By the way, one question that has come up is whether there is water in the new formulation. I wonder if cobalt chloride-based test strips would answer that question. However, the test strips might not work if the water fraction is too low. Any other thoughts on analyzing for water? Maybe some kind of fractional distillation might work, although the possibility of an azeotrope might complicate that approach. Alternatively, come kind of chromatographic separation of water from the non-aqueous components might be possible. NMR might be worth looking into. Karl Fischer titration might work, but it relies on oxidation of SO2 by I2, so the sulfite or sulfite equivalent in the developer concentrate might complicate the analysis. Also, redox-active components in a solution can interfere with Karl Fischer titration, and since a developer solution contains reducing agents that might complicate the analysis.

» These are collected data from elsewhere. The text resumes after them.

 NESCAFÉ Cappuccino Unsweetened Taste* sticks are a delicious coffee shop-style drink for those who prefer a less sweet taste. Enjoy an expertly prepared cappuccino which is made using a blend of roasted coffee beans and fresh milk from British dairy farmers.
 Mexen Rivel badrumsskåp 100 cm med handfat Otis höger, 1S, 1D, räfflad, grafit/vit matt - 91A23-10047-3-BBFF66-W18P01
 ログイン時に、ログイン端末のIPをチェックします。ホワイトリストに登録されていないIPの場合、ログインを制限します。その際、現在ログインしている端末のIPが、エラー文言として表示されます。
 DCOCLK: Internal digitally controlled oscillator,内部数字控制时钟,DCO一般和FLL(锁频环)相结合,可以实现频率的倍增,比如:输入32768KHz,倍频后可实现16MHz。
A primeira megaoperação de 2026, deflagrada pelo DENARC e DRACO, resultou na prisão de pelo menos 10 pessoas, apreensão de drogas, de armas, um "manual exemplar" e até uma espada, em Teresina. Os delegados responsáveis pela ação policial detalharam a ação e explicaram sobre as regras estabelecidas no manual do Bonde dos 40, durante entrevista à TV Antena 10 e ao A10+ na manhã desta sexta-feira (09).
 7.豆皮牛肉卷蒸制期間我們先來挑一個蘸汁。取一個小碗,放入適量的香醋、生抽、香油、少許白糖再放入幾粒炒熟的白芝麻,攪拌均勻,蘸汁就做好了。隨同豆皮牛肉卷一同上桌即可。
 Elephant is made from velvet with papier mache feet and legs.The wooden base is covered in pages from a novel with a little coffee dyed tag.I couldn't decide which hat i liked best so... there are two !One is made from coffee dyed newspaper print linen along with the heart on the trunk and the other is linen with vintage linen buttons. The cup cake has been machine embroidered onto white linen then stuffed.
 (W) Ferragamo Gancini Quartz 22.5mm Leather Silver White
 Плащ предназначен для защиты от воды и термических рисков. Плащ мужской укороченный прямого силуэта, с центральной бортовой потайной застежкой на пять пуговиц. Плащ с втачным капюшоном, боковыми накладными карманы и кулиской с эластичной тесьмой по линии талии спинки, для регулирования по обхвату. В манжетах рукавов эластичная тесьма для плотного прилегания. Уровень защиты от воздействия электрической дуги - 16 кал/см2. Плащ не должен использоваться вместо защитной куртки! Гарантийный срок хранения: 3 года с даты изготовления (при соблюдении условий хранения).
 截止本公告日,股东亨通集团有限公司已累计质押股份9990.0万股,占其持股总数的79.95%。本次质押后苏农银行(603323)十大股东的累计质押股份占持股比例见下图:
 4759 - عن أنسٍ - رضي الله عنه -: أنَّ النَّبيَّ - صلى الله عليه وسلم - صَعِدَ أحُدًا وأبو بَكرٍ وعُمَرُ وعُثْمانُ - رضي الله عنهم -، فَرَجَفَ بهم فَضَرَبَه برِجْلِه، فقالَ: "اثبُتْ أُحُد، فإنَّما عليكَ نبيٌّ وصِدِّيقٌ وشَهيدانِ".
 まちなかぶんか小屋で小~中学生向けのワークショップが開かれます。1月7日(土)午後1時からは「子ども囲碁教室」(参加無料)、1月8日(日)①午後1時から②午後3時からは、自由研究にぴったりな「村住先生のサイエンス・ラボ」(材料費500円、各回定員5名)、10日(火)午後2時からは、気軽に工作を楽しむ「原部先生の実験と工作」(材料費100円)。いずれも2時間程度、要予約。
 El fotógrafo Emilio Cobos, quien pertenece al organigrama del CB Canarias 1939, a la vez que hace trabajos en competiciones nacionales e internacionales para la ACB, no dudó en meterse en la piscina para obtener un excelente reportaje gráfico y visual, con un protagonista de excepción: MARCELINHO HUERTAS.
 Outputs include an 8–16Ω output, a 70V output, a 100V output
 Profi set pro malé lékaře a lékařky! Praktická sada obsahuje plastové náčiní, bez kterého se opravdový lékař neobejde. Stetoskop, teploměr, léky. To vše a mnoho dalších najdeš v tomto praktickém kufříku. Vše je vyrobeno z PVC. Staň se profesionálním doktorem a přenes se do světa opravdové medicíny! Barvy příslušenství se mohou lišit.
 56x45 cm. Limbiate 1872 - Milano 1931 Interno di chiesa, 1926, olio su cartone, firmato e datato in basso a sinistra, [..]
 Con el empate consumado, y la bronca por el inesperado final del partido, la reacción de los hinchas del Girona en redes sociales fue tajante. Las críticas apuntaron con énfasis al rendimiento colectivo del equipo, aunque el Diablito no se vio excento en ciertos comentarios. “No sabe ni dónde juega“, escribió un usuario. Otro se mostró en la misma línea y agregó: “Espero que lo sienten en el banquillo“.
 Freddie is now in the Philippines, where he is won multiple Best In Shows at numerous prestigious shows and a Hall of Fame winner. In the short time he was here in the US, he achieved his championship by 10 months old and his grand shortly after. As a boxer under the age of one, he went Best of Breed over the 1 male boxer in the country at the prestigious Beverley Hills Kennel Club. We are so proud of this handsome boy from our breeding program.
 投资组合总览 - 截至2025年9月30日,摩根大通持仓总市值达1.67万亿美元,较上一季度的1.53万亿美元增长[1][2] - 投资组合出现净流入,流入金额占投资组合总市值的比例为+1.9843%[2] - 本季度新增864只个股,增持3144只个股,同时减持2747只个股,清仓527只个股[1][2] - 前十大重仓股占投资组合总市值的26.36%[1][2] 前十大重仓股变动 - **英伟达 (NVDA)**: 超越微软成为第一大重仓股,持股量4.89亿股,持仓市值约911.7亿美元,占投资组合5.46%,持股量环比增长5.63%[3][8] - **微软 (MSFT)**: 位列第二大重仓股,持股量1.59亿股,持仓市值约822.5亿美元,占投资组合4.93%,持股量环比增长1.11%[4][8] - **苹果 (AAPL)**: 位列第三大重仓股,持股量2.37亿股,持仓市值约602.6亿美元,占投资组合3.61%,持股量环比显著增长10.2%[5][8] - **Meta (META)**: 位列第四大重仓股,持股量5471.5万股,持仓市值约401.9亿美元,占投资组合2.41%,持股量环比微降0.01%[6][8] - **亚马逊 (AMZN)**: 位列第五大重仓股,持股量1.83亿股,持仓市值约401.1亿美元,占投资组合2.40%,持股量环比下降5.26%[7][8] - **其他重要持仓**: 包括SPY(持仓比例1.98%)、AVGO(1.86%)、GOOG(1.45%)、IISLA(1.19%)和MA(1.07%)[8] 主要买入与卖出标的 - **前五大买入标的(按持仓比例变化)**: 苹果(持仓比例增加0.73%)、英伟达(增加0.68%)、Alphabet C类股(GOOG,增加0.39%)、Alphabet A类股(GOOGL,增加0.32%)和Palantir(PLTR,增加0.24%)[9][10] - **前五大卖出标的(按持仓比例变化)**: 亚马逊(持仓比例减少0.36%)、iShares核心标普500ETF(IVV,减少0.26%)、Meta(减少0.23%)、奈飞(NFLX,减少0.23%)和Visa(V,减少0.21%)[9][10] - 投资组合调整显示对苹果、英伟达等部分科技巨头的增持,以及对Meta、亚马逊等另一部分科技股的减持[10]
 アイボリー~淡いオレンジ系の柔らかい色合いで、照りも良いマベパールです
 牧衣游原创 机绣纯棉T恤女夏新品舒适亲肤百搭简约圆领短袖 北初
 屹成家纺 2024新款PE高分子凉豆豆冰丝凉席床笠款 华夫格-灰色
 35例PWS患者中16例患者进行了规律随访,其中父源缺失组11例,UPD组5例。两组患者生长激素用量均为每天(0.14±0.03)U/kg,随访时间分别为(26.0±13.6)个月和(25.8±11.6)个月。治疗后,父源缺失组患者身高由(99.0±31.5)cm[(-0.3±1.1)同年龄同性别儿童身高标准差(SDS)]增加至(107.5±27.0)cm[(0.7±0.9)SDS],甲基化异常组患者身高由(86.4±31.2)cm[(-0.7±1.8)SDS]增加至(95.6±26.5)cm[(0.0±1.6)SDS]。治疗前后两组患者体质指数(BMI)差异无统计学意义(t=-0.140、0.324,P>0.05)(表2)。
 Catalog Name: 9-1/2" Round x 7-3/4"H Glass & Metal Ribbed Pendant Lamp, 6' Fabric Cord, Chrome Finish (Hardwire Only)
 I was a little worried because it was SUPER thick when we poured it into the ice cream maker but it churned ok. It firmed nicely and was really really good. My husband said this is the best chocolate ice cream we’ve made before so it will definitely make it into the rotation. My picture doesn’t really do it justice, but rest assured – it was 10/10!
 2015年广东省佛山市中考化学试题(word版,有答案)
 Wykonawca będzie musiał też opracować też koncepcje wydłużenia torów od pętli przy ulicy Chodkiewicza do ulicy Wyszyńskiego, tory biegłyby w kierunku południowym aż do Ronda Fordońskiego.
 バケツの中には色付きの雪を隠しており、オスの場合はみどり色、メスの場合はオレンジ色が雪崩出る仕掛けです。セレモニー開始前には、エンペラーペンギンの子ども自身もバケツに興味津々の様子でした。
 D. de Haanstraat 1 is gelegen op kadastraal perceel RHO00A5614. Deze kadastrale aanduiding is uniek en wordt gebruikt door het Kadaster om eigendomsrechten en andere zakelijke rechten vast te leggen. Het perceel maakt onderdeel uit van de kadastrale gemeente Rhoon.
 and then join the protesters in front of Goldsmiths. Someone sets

Another possibility might be to use a semi-permeable membrane that is permeable to water but not other components. The membrane could separate two chambers, one containing the HC-110 concentrated and one containing an anhydrous alcohol. After waiting for a period of time (an unknown period of time at this point) the water content of the alcohol could be measured using the Karl Fischer method. The idea behind this would be to allow water to enter the alcohol but not the other components.